## Supplied information
:::
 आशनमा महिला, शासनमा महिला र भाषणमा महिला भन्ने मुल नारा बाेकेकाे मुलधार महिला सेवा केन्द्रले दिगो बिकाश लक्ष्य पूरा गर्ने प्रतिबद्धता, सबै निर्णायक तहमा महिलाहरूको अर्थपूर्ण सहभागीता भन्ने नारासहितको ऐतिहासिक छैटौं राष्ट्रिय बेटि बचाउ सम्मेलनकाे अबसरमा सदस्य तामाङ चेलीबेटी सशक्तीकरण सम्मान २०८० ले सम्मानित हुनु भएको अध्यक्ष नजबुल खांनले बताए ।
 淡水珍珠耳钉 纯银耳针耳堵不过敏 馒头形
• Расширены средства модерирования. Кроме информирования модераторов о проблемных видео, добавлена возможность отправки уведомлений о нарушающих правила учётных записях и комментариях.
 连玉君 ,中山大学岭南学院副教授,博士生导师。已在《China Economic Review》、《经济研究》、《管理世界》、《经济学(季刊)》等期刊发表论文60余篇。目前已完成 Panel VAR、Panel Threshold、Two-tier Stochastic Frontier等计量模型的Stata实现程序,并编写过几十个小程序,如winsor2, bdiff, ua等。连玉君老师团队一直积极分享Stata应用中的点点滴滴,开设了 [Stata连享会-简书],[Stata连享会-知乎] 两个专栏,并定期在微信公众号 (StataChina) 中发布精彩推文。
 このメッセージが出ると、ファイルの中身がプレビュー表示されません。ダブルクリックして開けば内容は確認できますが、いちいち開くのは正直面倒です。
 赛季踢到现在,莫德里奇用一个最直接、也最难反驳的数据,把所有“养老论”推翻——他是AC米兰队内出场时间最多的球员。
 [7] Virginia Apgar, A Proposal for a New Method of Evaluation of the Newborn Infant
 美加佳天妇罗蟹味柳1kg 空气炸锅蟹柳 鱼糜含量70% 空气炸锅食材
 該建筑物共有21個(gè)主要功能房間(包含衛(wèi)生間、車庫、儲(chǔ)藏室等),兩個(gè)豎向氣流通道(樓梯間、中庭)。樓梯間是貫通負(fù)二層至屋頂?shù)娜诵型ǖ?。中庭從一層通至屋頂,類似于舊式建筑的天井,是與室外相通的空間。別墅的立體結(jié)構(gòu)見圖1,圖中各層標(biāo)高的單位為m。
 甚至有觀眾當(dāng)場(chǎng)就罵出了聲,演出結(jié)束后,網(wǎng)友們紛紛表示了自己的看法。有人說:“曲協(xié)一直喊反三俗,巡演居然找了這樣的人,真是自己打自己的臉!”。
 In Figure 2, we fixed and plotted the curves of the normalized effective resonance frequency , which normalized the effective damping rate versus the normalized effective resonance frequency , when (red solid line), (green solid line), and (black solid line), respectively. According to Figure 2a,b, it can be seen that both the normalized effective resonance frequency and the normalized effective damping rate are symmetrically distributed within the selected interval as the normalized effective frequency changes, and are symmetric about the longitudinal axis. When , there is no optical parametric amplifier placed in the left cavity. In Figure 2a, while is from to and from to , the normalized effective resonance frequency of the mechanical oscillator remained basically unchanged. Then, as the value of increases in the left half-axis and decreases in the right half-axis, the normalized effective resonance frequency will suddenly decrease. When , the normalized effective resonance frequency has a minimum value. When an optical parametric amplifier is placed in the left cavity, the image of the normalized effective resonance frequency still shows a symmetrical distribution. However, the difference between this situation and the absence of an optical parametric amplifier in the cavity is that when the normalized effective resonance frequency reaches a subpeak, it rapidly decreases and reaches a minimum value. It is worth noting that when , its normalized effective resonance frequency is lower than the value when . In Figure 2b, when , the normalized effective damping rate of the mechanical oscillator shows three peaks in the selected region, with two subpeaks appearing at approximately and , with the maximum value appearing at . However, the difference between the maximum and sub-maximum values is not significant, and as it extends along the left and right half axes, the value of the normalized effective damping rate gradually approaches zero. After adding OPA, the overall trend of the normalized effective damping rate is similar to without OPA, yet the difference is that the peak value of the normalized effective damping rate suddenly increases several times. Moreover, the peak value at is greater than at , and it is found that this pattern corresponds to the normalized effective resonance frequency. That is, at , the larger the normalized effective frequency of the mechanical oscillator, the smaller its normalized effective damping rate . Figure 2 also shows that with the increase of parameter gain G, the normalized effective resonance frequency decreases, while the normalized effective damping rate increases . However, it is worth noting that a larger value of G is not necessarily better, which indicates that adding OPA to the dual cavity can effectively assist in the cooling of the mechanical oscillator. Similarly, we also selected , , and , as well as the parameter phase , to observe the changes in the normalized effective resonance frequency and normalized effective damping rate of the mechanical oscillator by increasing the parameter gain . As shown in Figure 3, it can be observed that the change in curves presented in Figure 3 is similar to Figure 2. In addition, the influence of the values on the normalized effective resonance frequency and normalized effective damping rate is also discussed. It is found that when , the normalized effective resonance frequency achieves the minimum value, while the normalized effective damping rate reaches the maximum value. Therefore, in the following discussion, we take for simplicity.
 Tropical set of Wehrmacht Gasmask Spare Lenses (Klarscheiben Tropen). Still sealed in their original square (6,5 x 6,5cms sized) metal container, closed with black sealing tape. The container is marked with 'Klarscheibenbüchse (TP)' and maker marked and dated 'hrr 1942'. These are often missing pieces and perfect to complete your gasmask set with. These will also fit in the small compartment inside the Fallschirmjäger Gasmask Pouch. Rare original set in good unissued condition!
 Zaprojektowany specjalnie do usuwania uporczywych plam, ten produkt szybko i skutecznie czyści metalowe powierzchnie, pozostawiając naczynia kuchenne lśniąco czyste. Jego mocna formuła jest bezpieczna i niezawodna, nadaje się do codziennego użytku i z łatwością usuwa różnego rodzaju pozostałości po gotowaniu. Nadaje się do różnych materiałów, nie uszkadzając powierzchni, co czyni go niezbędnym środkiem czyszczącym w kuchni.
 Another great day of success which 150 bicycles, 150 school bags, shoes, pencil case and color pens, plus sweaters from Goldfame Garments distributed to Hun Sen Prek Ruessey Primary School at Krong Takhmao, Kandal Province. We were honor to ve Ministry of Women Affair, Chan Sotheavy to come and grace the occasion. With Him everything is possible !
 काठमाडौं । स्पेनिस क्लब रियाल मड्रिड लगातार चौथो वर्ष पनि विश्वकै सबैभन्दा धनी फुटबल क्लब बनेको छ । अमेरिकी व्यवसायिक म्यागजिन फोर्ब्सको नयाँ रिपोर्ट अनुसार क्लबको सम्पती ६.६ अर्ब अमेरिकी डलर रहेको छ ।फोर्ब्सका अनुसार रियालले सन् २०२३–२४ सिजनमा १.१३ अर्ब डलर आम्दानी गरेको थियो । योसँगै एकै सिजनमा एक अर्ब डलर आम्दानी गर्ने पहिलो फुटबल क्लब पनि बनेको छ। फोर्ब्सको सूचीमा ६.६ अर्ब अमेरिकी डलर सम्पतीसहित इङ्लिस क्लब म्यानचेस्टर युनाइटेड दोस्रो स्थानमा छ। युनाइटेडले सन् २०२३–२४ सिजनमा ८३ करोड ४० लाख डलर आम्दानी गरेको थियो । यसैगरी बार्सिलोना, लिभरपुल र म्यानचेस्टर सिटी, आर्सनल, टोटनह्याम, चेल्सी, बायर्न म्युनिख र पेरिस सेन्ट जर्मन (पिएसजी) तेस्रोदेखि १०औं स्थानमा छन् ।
:::
## Activity
Copy the lines above exactly, beginning at the line that has "连玉君 ,中山大学岭南学院副教授,博士生导师。已在《China Economic" and stopping after the line that has "美加佳天妇罗蟹味柳1kg 空气炸锅蟹柳 鱼糜含量70% 空气炸锅食材", and omit the rest.

## Answer to this task
 连玉君 ,中山大学岭南学院副教授,博士生导师。已在《China Economic Review》、《经济研究》、《管理世界》、《经济学(季刊)》等期刊发表论文60余篇。目前已完成 Panel VAR、Panel Threshold、Two-tier Stochastic Frontier等计量模型的Stata实现程序,并编写过几十个小程序,如winsor2, bdiff, ua等。连玉君老师团队一直积极分享Stata应用中的点点滴滴,开设了 [Stata连享会-简书],[Stata连享会-知乎] 两个专栏,并定期在微信公众号 (StataChina) 中发布精彩推文。
 このメッセージが出ると、ファイルの中身がプレビュー表示されません。ダブルクリックして開けば内容は確認できますが、いちいち開くのは正直面倒です。
 赛季踢到现在,莫德里奇用一个最直接、也最难反驳的数据,把所有“养老论”推翻——他是AC米兰队内出场时间最多的球员。
 [7] Virginia Apgar, A Proposal for a New Method of Evaluation of the Newborn Infant
 美加佳天妇罗蟹味柳1kg 空气炸锅蟹柳 鱼糜含量70% 空气炸锅食材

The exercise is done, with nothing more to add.